(WHAT YOU SHOULD DO):
Go through the data below and copy it exactly, skipping every picture.

(DATA EXTRACT):
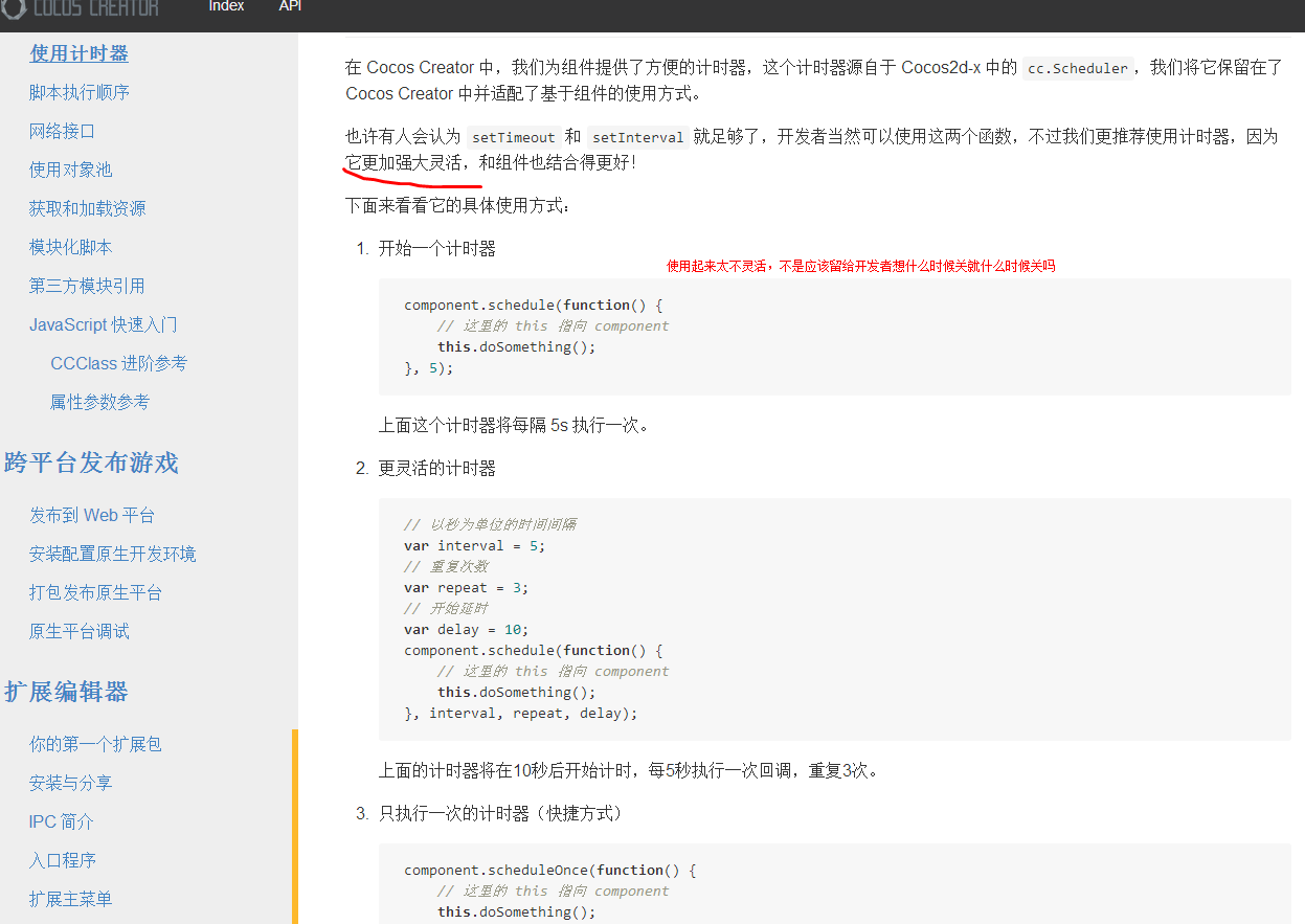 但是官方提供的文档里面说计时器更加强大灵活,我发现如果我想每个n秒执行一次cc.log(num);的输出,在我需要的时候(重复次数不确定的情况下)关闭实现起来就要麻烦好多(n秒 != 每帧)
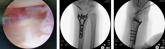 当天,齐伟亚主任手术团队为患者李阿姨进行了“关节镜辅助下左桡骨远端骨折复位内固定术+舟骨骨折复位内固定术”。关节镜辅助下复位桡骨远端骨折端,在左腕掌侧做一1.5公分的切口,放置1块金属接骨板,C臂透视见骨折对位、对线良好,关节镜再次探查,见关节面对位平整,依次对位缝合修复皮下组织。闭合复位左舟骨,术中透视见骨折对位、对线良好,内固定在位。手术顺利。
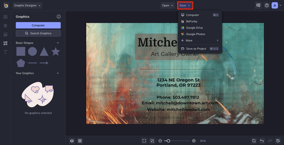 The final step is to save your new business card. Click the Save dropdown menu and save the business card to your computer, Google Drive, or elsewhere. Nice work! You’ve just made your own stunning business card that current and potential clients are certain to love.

(RESPONSE FOR THIS EXERCISE):
 但是官方提供的文档里面说计时器更加强大灵活,我发现如果我想每个n秒执行一次cc.log(num);的输出,在我需要的时候(重复次数不确定的情况下)关闭实现起来就要麻烦好多(n秒 != 每帧)
 当天,齐伟亚主任手术团队为患者李阿姨进行了“关节镜辅助下左桡骨远端骨折复位内固定术+舟骨骨折复位内固定术”。关节镜辅助下复位桡骨远端骨折端,在左腕掌侧做一1.5公分的切口,放置1块金属接骨板,C臂透视见骨折对位、对线良好,关节镜再次探查,见关节面对位平整,依次对位缝合修复皮下组织。闭合复位左舟骨,术中透视见骨折对位、对线良好,内固定在位。手术顺利。
 The final step is to save your new business card. Click the Save dropdown menu and save the business card to your computer, Google Drive, or elsewhere. Nice work! You’ve just made your own stunning business card that current and potential clients are certain to love.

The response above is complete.